What needs to be done: Set down, exactly and with no pictures, the line that contains "Mesita de noche" and all lines after it in the listing.

Data segment:
-- -- --
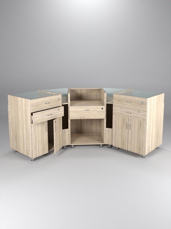 Комбинация моделей №1, №2 и №6. Система состоит из пяти прилавков. Прилавки объединены в таком порядке. В центре — прилавок с нишами и ящиком, слева и справа расположены угловые прилавки с витриной и нишей, далее — прилавки с витриной, ящиком и шкафом. Все ящики закрываются на ключ.
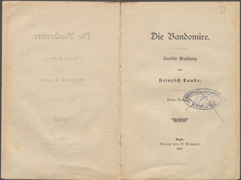 Die Bandomire : Kurische Erzählung ; Bandomire - strona tytułowa z pieczątką
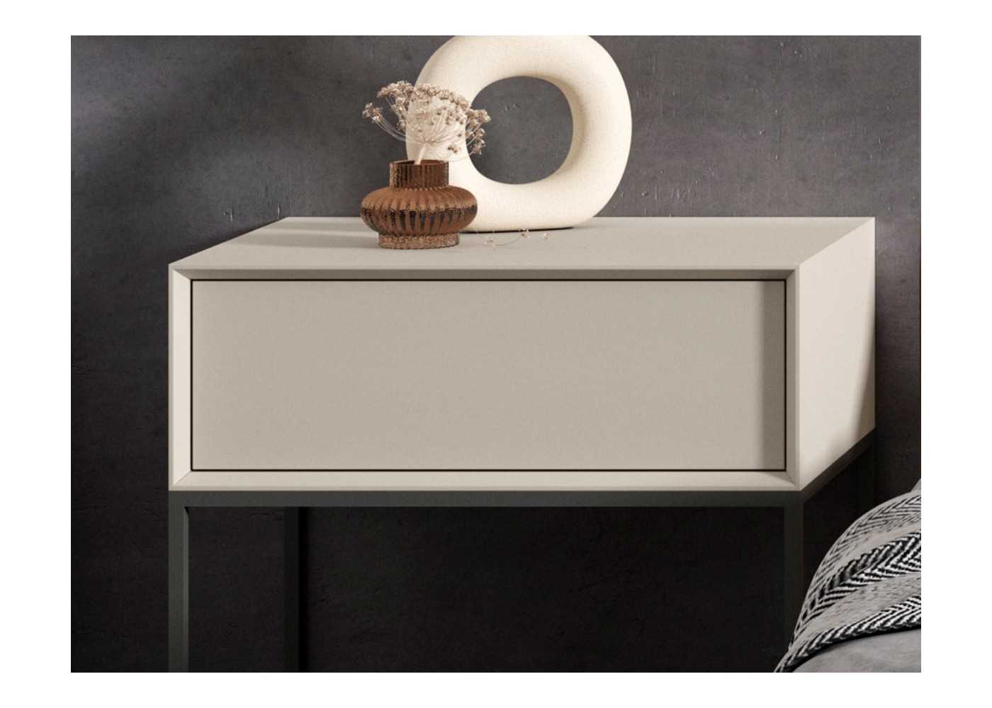 Mesita de noche de 1 cajón lacada y base de acero lacado - ABRANO
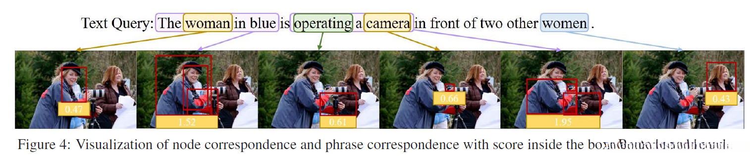 图4:在框中显示具有分数的节点对应关系和短语对应关系。 彩色效果最佳。
-- -- --
Solution for this exercise:
 Mesita de noche de 1 cajón lacada y base de acero lacado - ABRANO
 图4:在框中显示具有分数的节点对应关系和短语对应关系。 彩色效果最佳。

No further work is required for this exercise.